On the “Decoder” podcast, Krishna concluded that it may be “impossible” for these companies to generate returns on data center capital expenditures.
Kirshner, who said his napkin calculations are based on today’s costs “because anything in the future is speculative,” said it would cost about $80 billion to fill a 1-gigawatt data center.
“Well, that’s today’s numbers. So, if you’re committing to 20 to 30 gigawatts, that’s $1.5 trillion in capital expenditures from one company,” he said.
Krishna also mentioned the depreciation of AI chips within data centers as another factor: “You have to use it within five years, because by then, you have to throw it away and refill it,” he said.
Artificial intelligence stocks have tanked recently after investor Michael Burry took aim at Nvidia over concerns about its depreciation.
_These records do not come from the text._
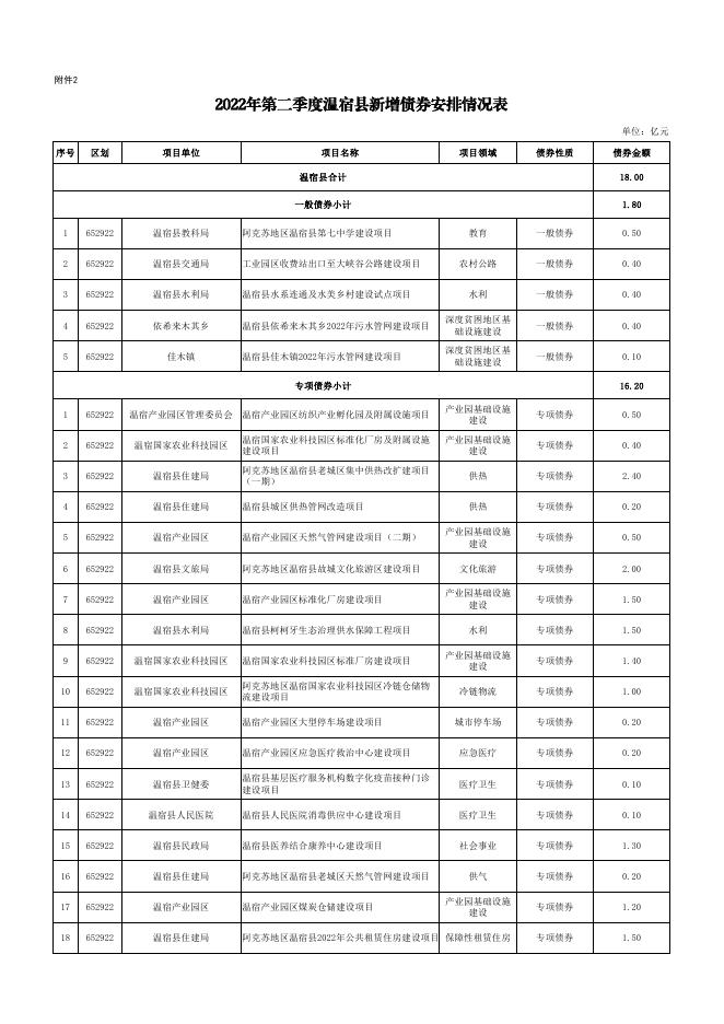 附件2 2022年第二季度温宿县新增债券安排情况表.pdf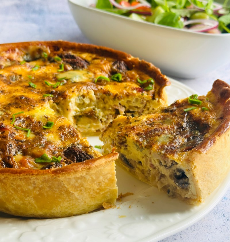 Rich, savoury and packed with flavour, this quiche combines creamy Stilton, smoky bacon, and earthy mushrooms in a golden, buttery pastry – perfect warm or cold! If blue cheese doesn’t take your fancy then you can use cheddar or any other hard cheese.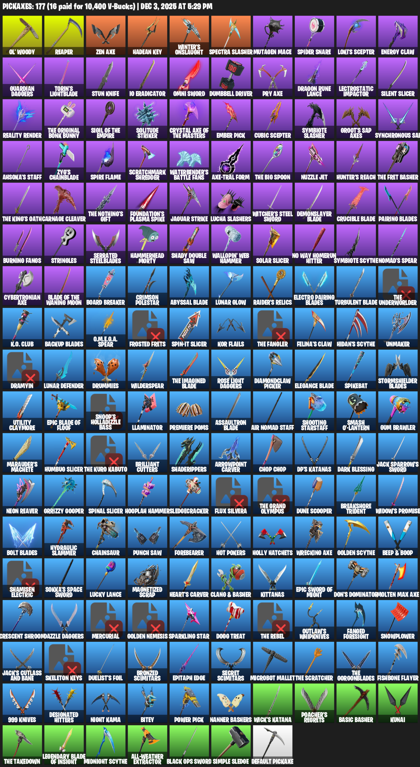 Ol’ Woody, Reaper, Zen Axe, Hadean Key, Winter’s Onslaught, Mutagen Mace, Spider Snare, Loki’s Scepter, Energy Claw, Guardian Daggers, Torin’s Lightblade, Stun Knife, IO Eradicator, Omni Sword, Dumbbell Driver, Dragon Rune Lance, Lectrostatic Impactor, Silent Slicer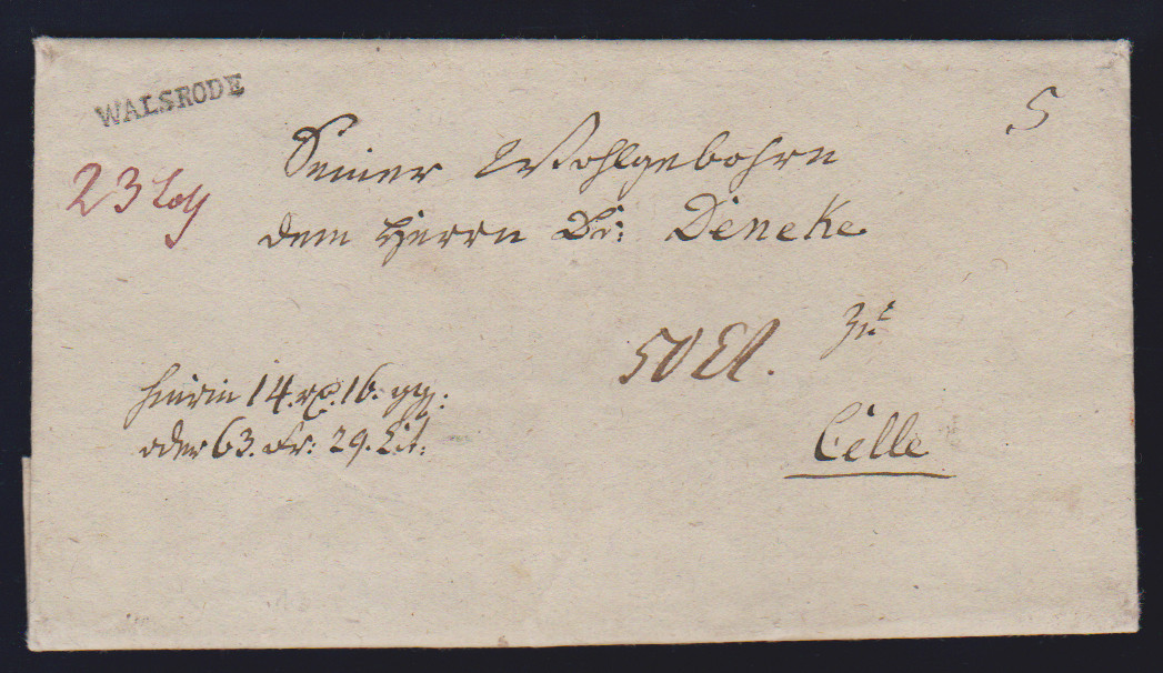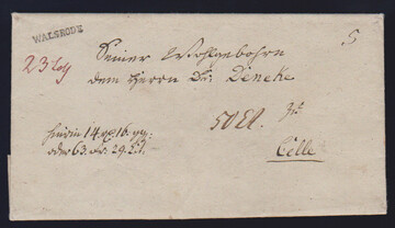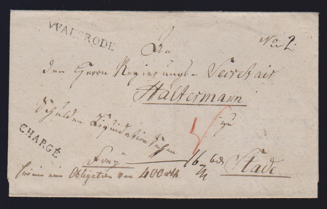 "Walsrode", 1814, 21.5., L1 nebst L1 "CHARGÉ" auf Wertbrief aus Fallingbostel nach Stade, dazu L1 (apt. Departementstempel) auf Paketbrief aus Einzingen nach Ottersberg (1823)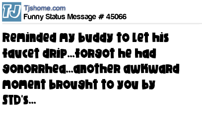 X reminded my buddy to let his faucet drip...forgot he had gonorrhea...another awkward moment brought to you by STD's...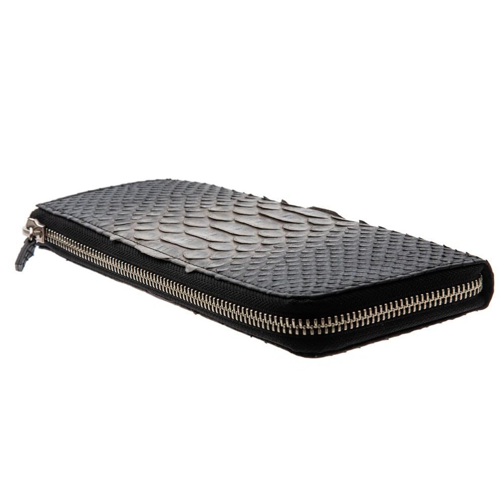 A slim long wallet cut from genuine snake python, finished in a refined grey-to-black gradient that highlights the leather’s raised scales. The surface has a subtle embossed depth and a supple hand that almost clings to your palm. A smart L-shaped zipper opens wide so bills and coins are easy to access in one motion. Inside, the layout is clean and decisive—everything stays organized without bulk. Though slender, it slips smoothly into an inner jacket pocket and carries more than it looks. Each piece is carefully cut, skived, stitched, and edge-polished in our atelier for a smooth, durable finish. A city-ready wallet that blends function with quiet luxury.
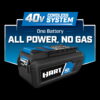 Go cordless with this battery-powered 40V 20” Self-Propelled Mower from HART. This mower cuts up to ½ acre on one charge. Choose how you want to mow with 3-in-1 bagging, mulching and a side-discharge chute. Oh, and that annoying pull cord? It’s gone. This battery-powered machine starts with just the push of a button. Height modifications are also easily made with a single-point height adjustment knob (1-1/2″-4″ cutting range) instead of adjusting each wheel individually. Onboard battery storage carries 2 batteries at once, so when your first battery runs down you’ve got a spare to finish up the job. Another time saver is the included fast charger, which charges 2x faster than a standard 1.5Ah charger. When you’re done, the FAST FOLD handles make for easy upright storage. Works with All HART 40V Batteries. Includes: 20” Self-Propelled Mower, 40V 6.0Ah battery, fast charger, grass catcher bag, start key, mulch plug and operator’s manuals. 65.15 lbs and 20-inch.
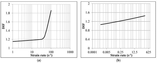 Material 16 (MAT_Pseudo_Tensor) was utilized to model the tunnel structure. It is suited to simulate the underground reinforced concrete structures that were subjected to blast loadings []. An automatic internal generation of a simple “generic” model for concrete can be achieved by inserting a negative value for A0 equal to −145, so that a trilinear equation of state (EOS) Type 8 will be automatically created from the unconfined compressive strength () and the Poisson ratio (Pr). The maximum principal stress for failure (SIGF) [] is assumed to be the fc and is equal to 61.18 MPa. A smeared modelling option available in Material 16 was used to simulate the rebar due to a large number of model elements, as well as its ability to deliver reasonable results within lower cost and time than that needed by discrete models []. Strain rate sensitivity was defined for the concrete and rebar by using dynamic increase factor (DIF) curves, as shown in Figure 2. The DIF curve was obtained during a laboratory test conducted in UKM University on concrete with a compressive strength of 61.18 MPa via the split Hopkinson pressure bar (SHPB) impact test within a strain rate range of up to 103.87 s–1 []. For steel, the DIF of grade 60 rebar was determined by using Malvar‘s equation []. Table 4 shows the tunnel parameters, where SIGF is the unconfined concrete compressive strength (fc), Pr is the Poisson ratio of concrete, Er is the elastic modulus of steel, PEr is the reinforcement percentage, PRr is the Poisson ratio of steel, and SIGY is the steel yield stress ().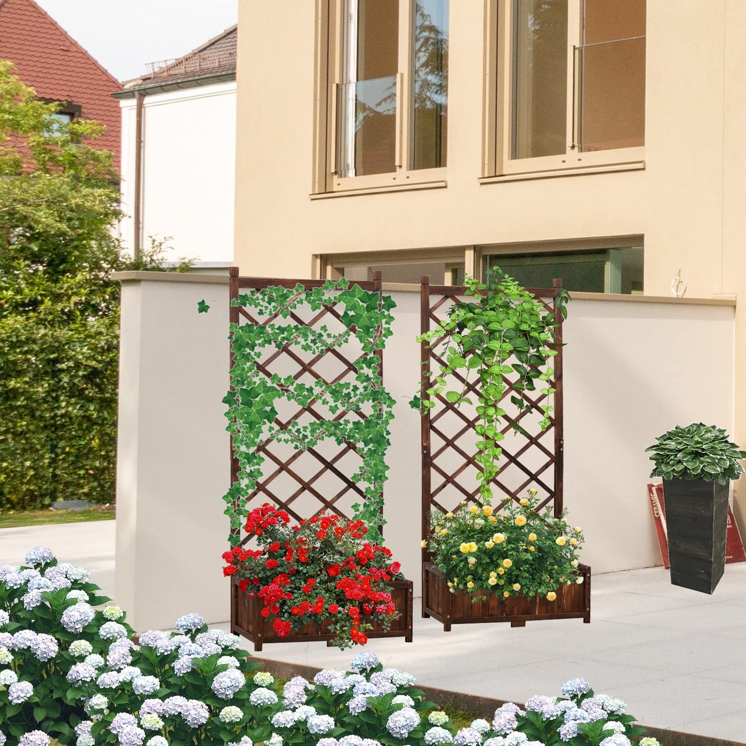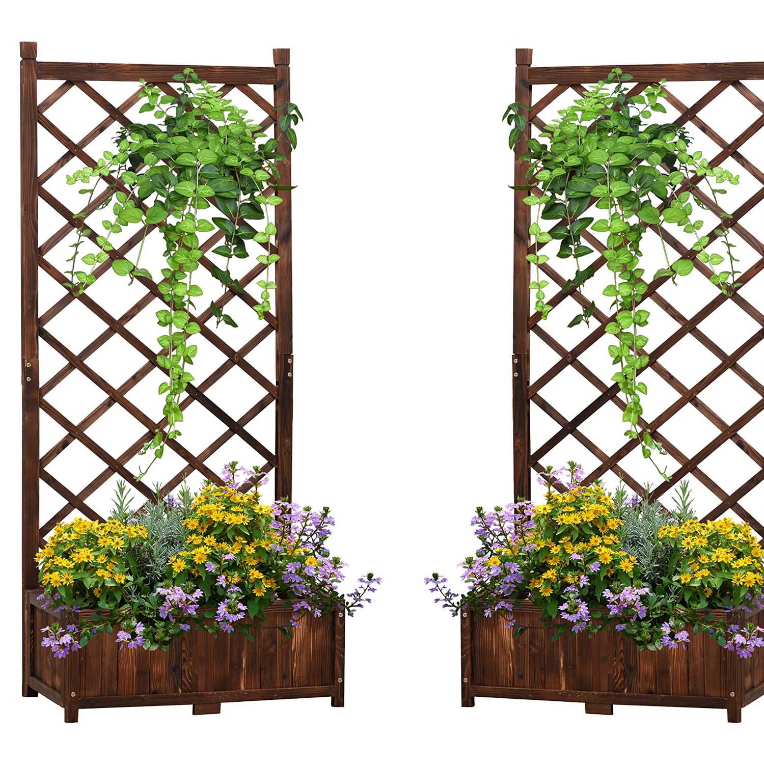 Anraja Raised Garden Bed Planter with Trellis Outdoor Wood Box 67in Set of 2 Flower Standing Planter Box Privacy Lattice Panels with Legs for Patio Porch w/Drainage Holes

“If I look at the total commitments in the world chasing AGI in this space, those announcements seem to be in the 100-gigawatt range,” Krishna said.
The cost per 100 gigawatts is $80 billion, which puts Krishna’s computing commitment price at about $8 trillion.
“I don’t think you’re going to get a return because $8 trillion in capital spending means you need about $800 billion in profits to pay interest,” he said.
Reaching this gigawatt number will require significant investment from AI companies and will require outside help. OpenAI CEO Sam Altman recommended in an October letter to the White House Office of Science and Technology Policy that the United States add 100 gigawatts of energy capacity annually.